Lines from the opening of the material through the line containing "附属黄浦梅溪小学英语教研组的" must be duplicated word for word. Pictures are not.

● **Source data**

+-------+

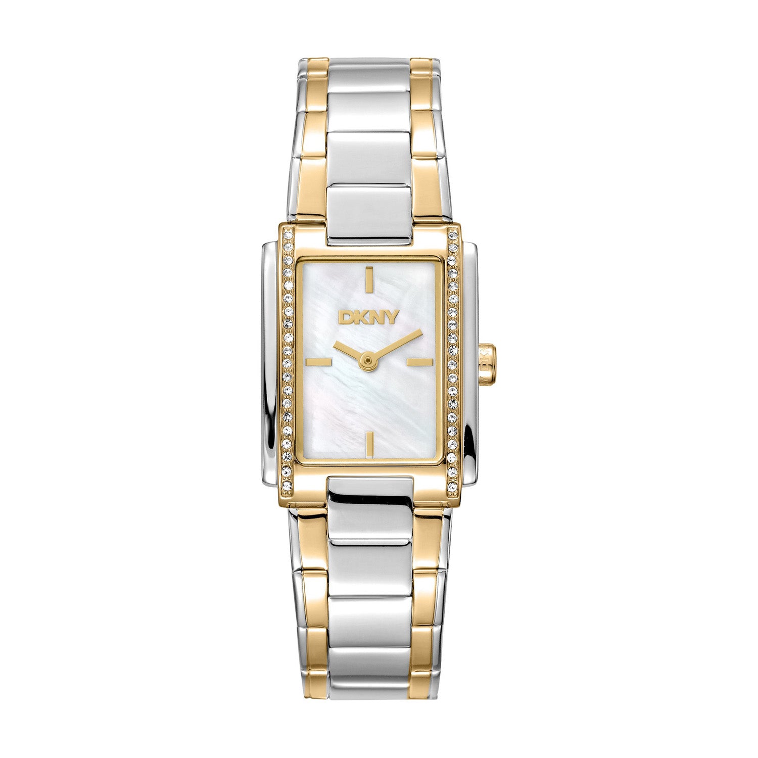 DKNY DK1L122M0075 Evening - Two Tone Stainless Steel Linked Bracelet Band Rectangle Mop Dial With Crystal Accents
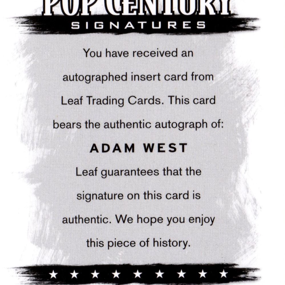 Card autografata dall'attore Adam West, prodotta e certificata dalla Leaf nel 2012.
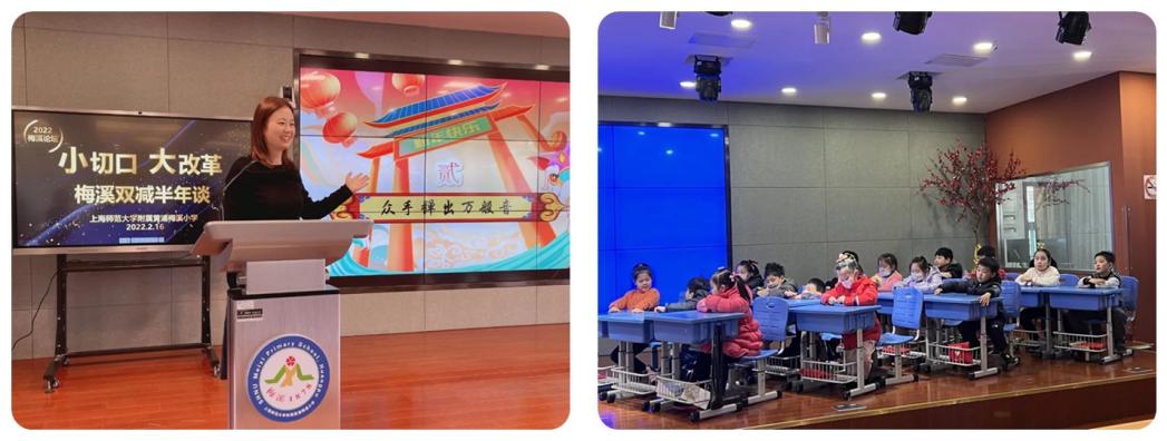 附属黄浦梅溪小学英语教研组的老师们,借助梅溪论坛这个平台,踊跃地讨论着:“双减”背景下,小学英语课堂该如何转型?如何切实减轻孩子的学业负担?大数据背景下,信息赋能如何展现其功效?在研讨活动中,上海师大附属黄浦梅溪小学的教师们经历了迷茫—学习—领悟—研讨—反思和实践的蜕变……
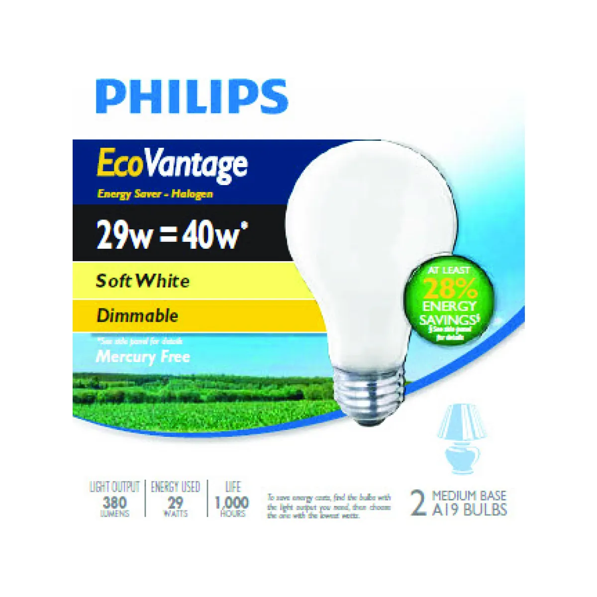 The philips halogen energy saver 29-watt a19 household light bulb is dimmable allowing you to change the mood of a room by adjusting the light.

+-------+

● **Response area**
 DKNY DK1L122M0075 Evening - Two Tone Stainless Steel Linked Bracelet Band Rectangle Mop Dial With Crystal Accents
 Card autografata dall'attore Adam West, prodotta e certificata dalla Leaf nel 2012.
 附属黄浦梅溪小学英语教研组的老师们,借助梅溪论坛这个平台,踊跃地讨论着:“双减”背景下,小学英语课堂该如何转型?如何切实减轻孩子的学业负担?大数据背景下,信息赋能如何展现其功效?在研讨活动中,上海师大附属黄浦梅溪小学的教师们经历了迷茫—学习—领悟—研讨—反思和实践的蜕变……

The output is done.